--- Task inputs ---
┌────────

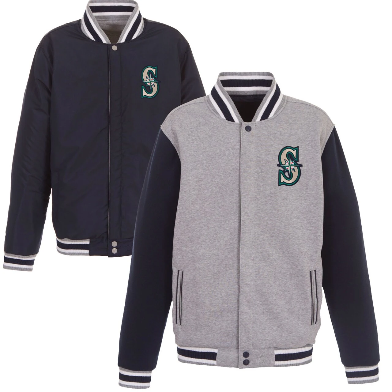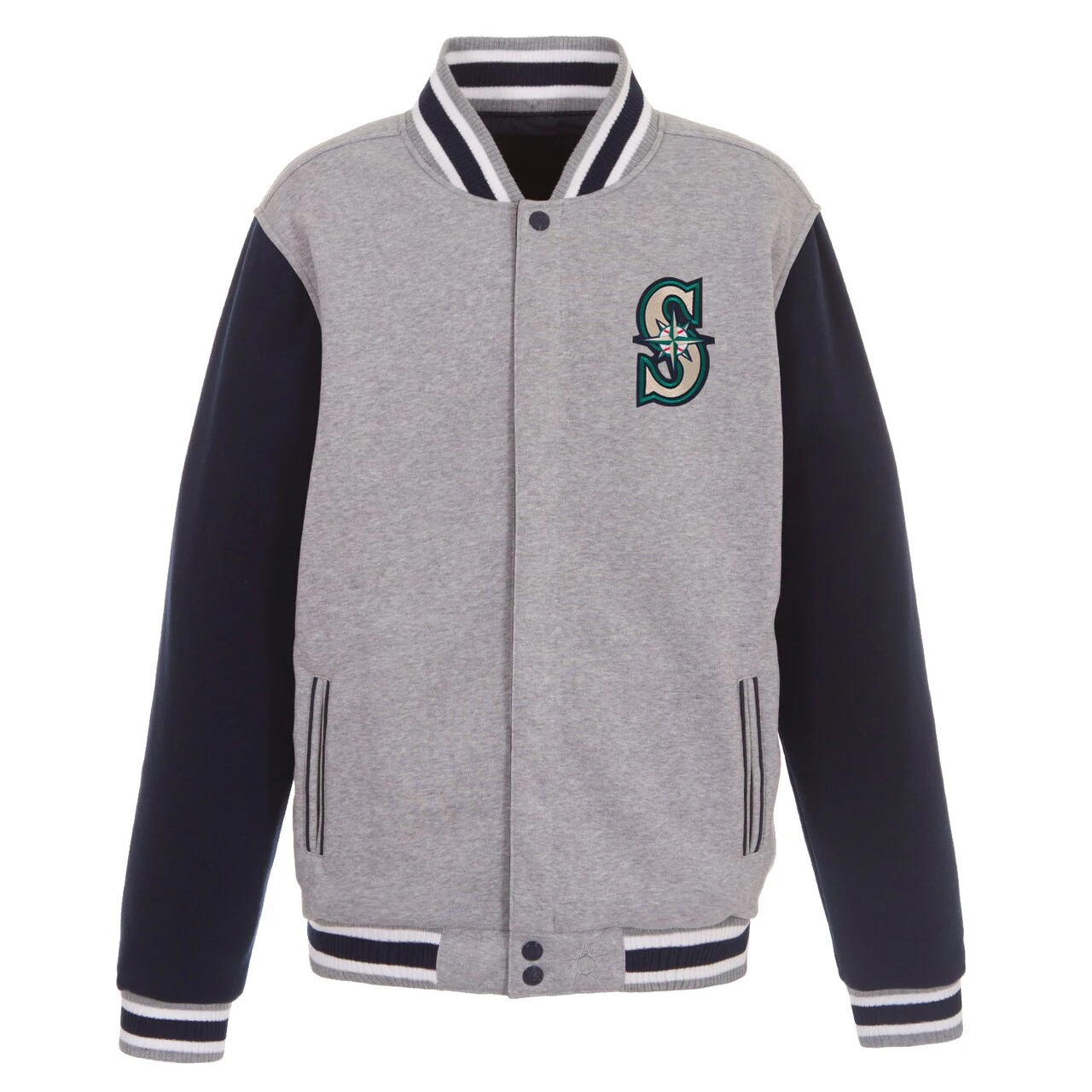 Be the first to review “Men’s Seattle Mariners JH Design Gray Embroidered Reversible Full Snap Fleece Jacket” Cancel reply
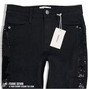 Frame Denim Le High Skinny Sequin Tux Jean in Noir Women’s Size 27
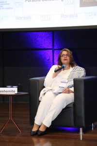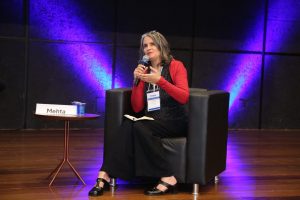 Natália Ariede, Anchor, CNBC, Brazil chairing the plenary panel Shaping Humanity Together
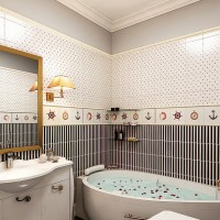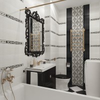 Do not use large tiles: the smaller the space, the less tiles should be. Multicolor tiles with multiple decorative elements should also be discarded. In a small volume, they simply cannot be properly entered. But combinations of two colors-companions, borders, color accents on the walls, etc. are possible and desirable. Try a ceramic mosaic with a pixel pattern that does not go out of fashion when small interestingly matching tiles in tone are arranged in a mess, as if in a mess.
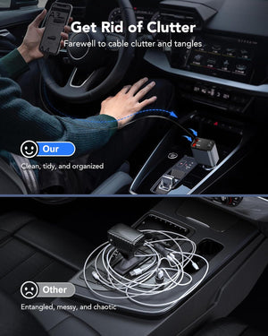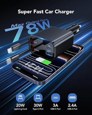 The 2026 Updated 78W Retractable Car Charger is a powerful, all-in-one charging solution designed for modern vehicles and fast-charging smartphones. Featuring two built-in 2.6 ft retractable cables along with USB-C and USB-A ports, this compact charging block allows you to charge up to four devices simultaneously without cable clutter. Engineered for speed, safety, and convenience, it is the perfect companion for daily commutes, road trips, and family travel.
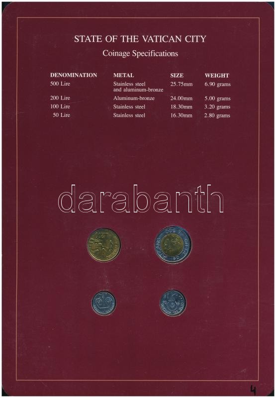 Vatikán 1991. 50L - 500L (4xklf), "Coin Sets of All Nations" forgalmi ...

└────────
┌────────

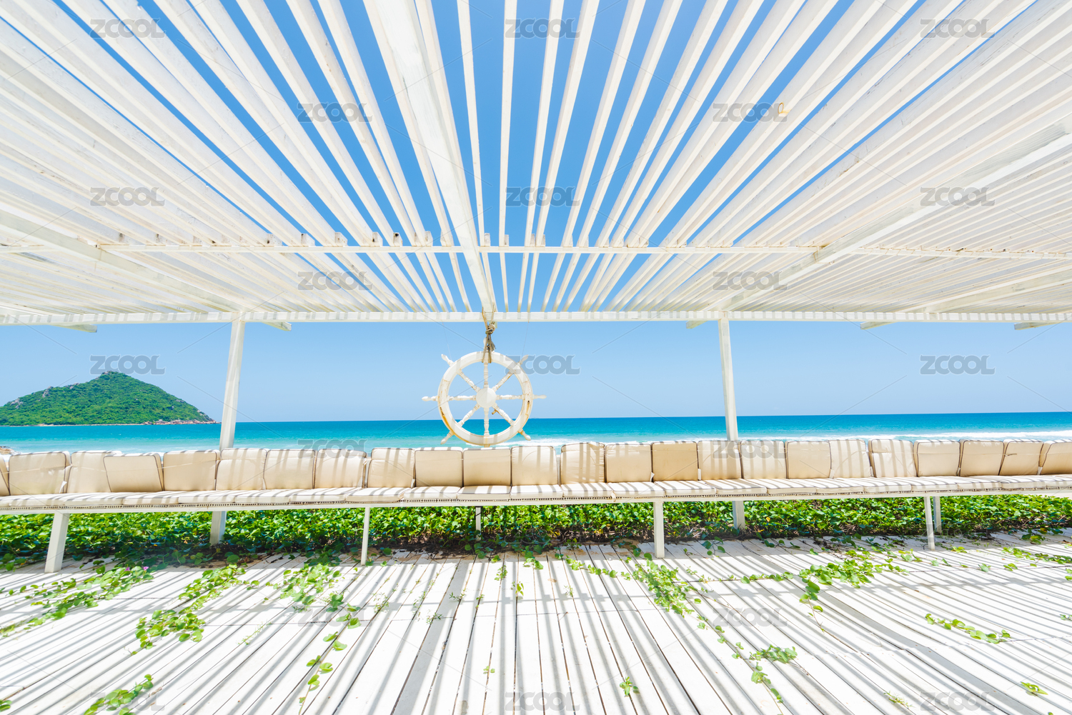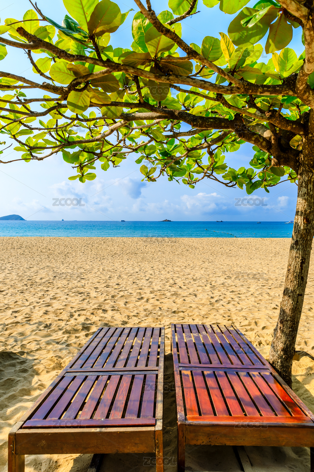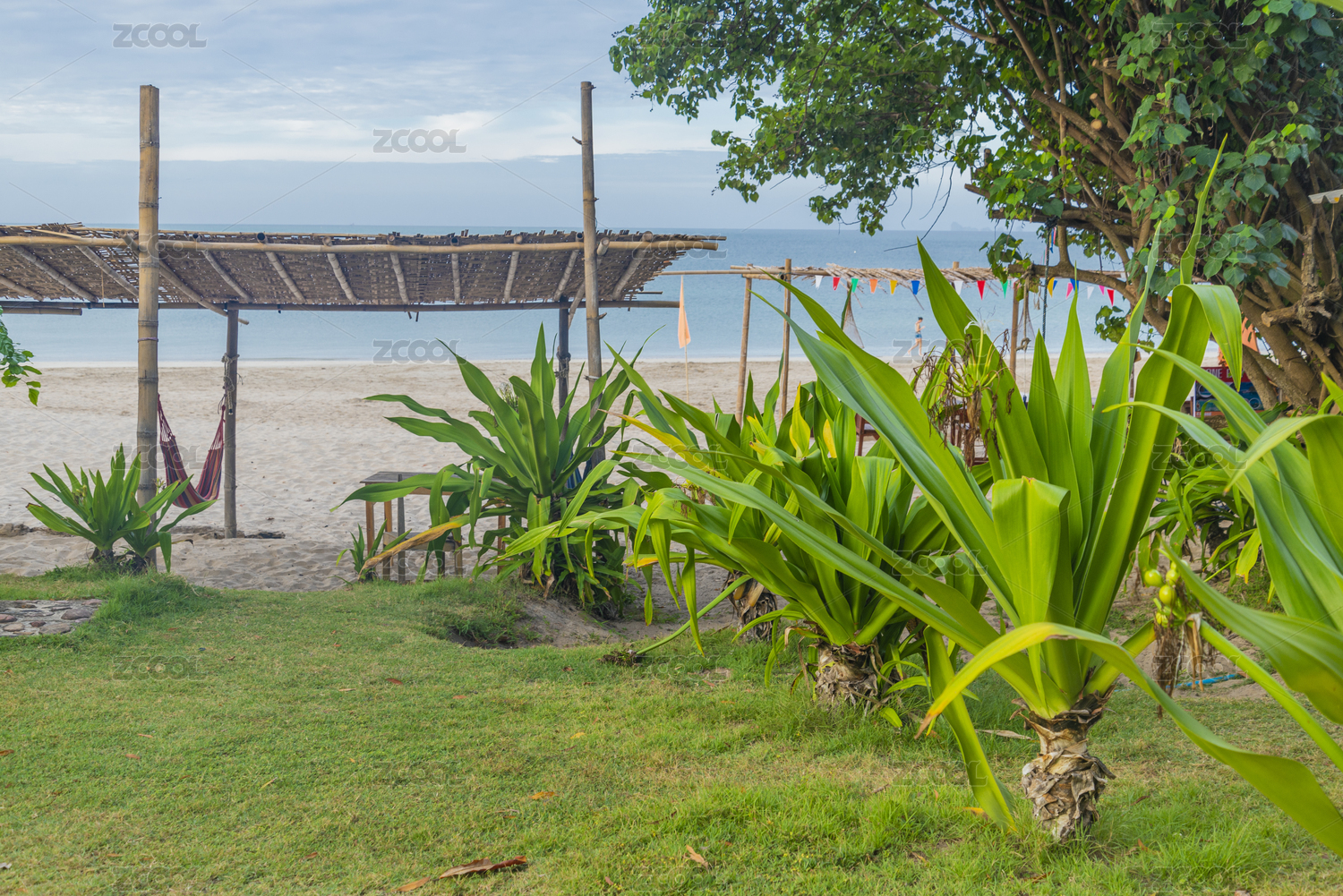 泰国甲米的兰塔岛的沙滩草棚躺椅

└────────

--- What to work on ---
Reproduce exactly, with no pictures, the lines above from the one holding "Do not use large" to the one holding "Vatikán 1991. 50L", inclusive.

--- Response below ---
 Do not use large tiles: the smaller the space, the less tiles should be. Multicolor tiles with multiple decorative elements should also be discarded. In a small volume, they simply cannot be properly entered. But combinations of two colors-companions, borders, color accents on the walls, etc. are possible and desirable. Try a ceramic mosaic with a pixel pattern that does not go out of fashion when small interestingly matching tiles in tone are arranged in a mess, as if in a mess.
 The 2026 Updated 78W Retractable Car Charger is a powerful, all-in-one charging solution designed for modern vehicles and fast-charging smartphones. Featuring two built-in 2.6 ft retractable cables along with USB-C and USB-A ports, this compact charging block allows you to charge up to four devices simultaneously without cable clutter. Engineered for speed, safety, and convenience, it is the perfect companion for daily commutes, road trips, and family travel.
 Vatikán 1991. 50L - 500L (4xklf), "Coin Sets of All Nations" forgalmi ...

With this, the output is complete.